There is a set of n indivisible items (or chores), and a set of n players. Each day, a single item should be assigned to each player. We want to ensure that all players feel that they have been treated fairly, not only after the last day, but after every single day. We present two 'balance' conditions on sequences of permutations. One condition can always be satisfied, but is arguably too weak; a second condition is strong, and can be satisfied for all n <= 11, but cannot be satisfied for some larger values of n, including all n>61. We then relate the 'balance' condition to the requirement that the cumulative assignment is proportional up to one item (PROP1), where proportionality holds in a strong ordinal sense -- for every valuations that are consistent with the item ranking. We present a third balance condition that implies ordinal PROP1. We show that a sequence guaranteeing this balance condition exists for all n <= 12, but might not exist when n=6k for any k >= 19. Finally, we present a fourth, weaker balance condition on a sequence, that guarantees ordinal proportionality up to two items (PROP2). Whether or not this condition can be satisfied for all n remains an open question.

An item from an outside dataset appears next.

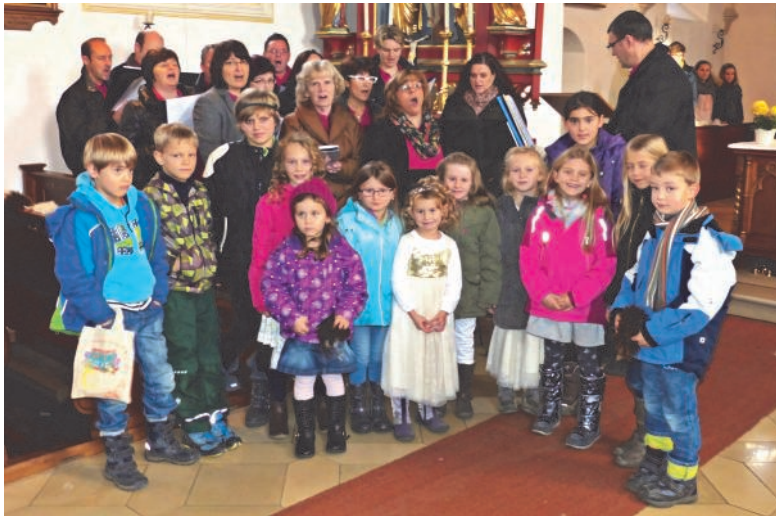
Die Kinder nach der Aufführung gemeinsam mit dem Orthofener Chor

Gäste der umliegenden Nachbarortschaften zu einem gemütlichen Beisammensein „Beim Wirt“ gleich neben der Kirche eingeladen. Dort wurden Plätzchen, Kuchen, Stollen, Glühwein und Kaffee kostenfrei angeboten. Stattdessen wurde um Spenden für die Caritas gebeten.

翻译：存在一组n个不可分割的物品（或杂务）和一组n个参与者。每天，每个参与者应被分配一个物品。我们希望确保所有参与者不仅认为在最后一天得到了公平对待，而且在每一天之后都如此。我们提出了关于置换序列的两个“平衡”条件。第一个条件总是可以满足，但可能过于宽松；第二个条件较强，对于所有n≤11均可满足，但对于某些更大的n值（包括所有n>61）则无法满足。接着，我们将“平衡”条件与累积分配满足“至多一件物品的比例公平性”（PROP1）的要求联系起来，其中比例公平性在强序数意义上成立——对于所有与物品排序一致的估值函数均成立。我们提出了第三个平衡条件，该条件蕴含序数PROP1。我们证明对于所有n≤12，存在保证此平衡条件的序列，但当n=6k（k≥19）时可能不存在。最后，我们提出了关于序列的第四个较弱的平衡条件，该条件能保证至多两件物品的序数比例公平性（PROP2）。此条件是否对所有n均可满足仍是一个开放问题。